The Lord wants to speak of atonement and He wants your attention focused on the Atonement Himself: Jesus. In order to accomplish that, He has given you such a brain that you can imagine scenes in your head that you have never witnessed. Someone can tell you about an event you were never at, and you can see it in your head.
 
And seeing it in your head you can believe what is said to you, because you can relate to the witness. Jesus comes in the flesh, your own flesh that you recognize on Him: 2 eyes, ten fingers, eleven toes…
 
And seeing God in the flesh, then gives strength to your belief. That because He is man, he is trustworthy and believable. If He were a triangle, He’d be suspicious. If He had ten arms, He’d be feared, but not loved. If He was invisible, of what use He to the visible?
 
God gives your mind focus. When you hear of the Golden Calf, you scoff, because you know that a golden calf doesn’t look like Jesus. When you hear of the “king of the jews”, you know Herod isn’t Jesus. When you come to Church and hear of light, scenes you’ve never seen, and a statue of the man Jesus, you know you don’t worship all this, but you also know that this is probably what it looks like right now.
 
Instead of having to fabricate a graven image for yourself, or pretend you don’t have any, God gives you His image and likeness. When you stare at a blank wall, or blank canvas, or blank cross your mind goes blank and tries to fill in the blank, all with disastrous, sinful results. 
 
God puts His Body in front of you so that there is no question Who we are seeking and Who we are worshipping. It is Jesus, the Crucified. Born of the Virgin, pierced by nail and spear, and buried only to rise again with those holy wounds intact. 
 
God describes Himself in such detail, that you can imagine Him, draw Him, and picture Him. God allows Himself to be investigated in such a way. He is not lessened because He is pictured, like Allah or Mohammed. Instead, He is glorified because of what He has done.
 
For our images of our Lord are not arbitrary. In fact, we would have no idea who it is that is front and center on our Altar were it not for His wounds. The image tells a heavenly story. We would not know the who or what of any other depiction we have in Church, were it not for the Word of God describing it in such detail that there is no doubt.
 
It is a sin to say that God is indescribable, if it means that Jesus must be thrown out.
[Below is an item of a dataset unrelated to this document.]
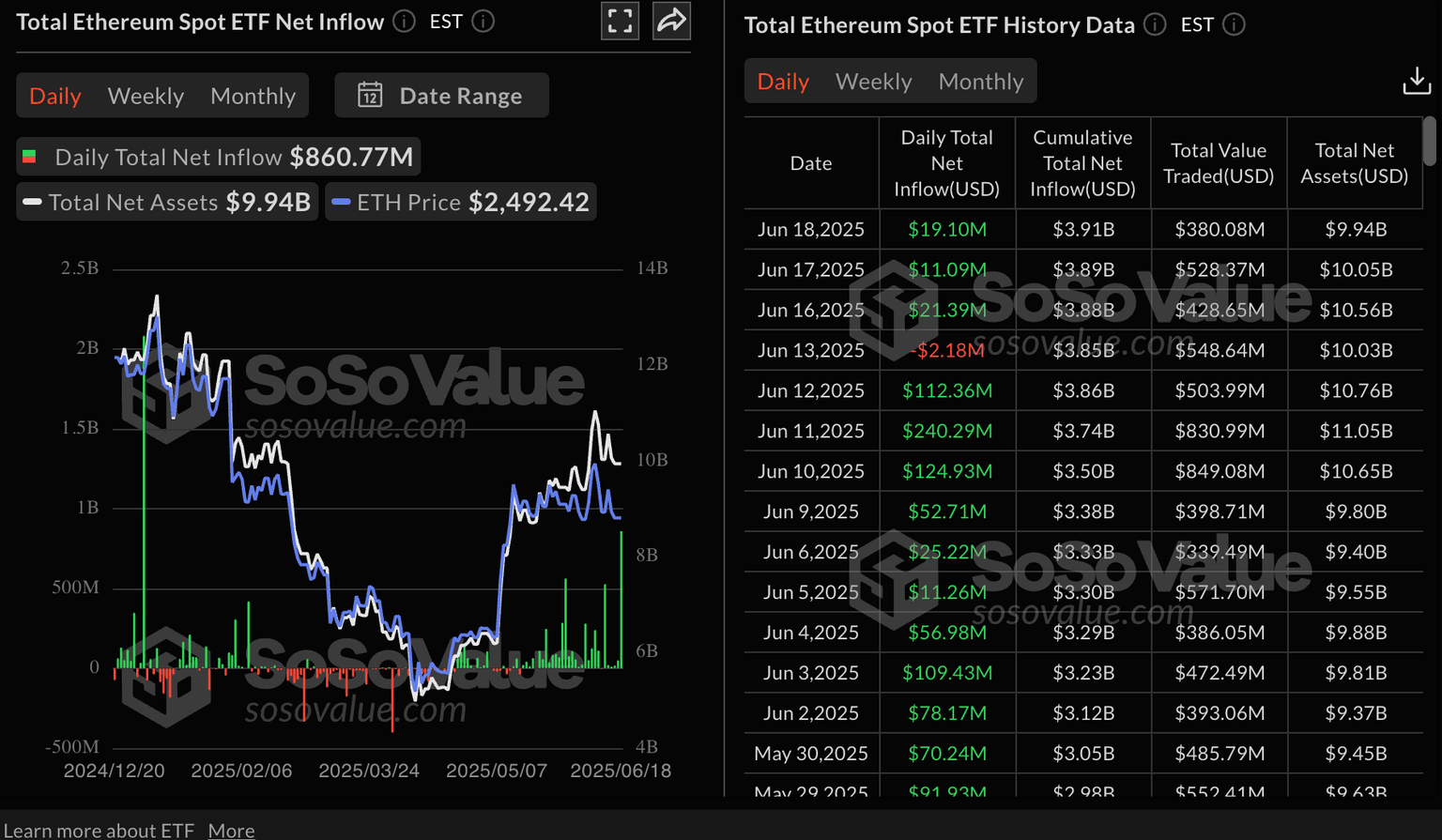 Ethereum spot ETF stats | Source: SoSoValue

And if you are involved with people who are trying to get you to believe that that is God’s main feature, that is a false religion of the devil. “Who’s to say what god really says”, they teach, “he’s indescribable. Just believe me, bro.”
 
It is good, right, and true to seek the Crucified Who retained the description of His wounds even in His resurrection. His Body is proof and He puts it in front of you. And this is the Truth about God: that He can be found in His earthly Sacraments, just as He was found in earthly trappings by the Magi. 
 
They sought Him on earth and brought Him earthly gifts, and they were accepted by Jesus Himself! God made man. The Word Made Flesh. Discoverable, knowable, describable and able to be handled by His people through faith, by Grace, for Christ’s sake alone.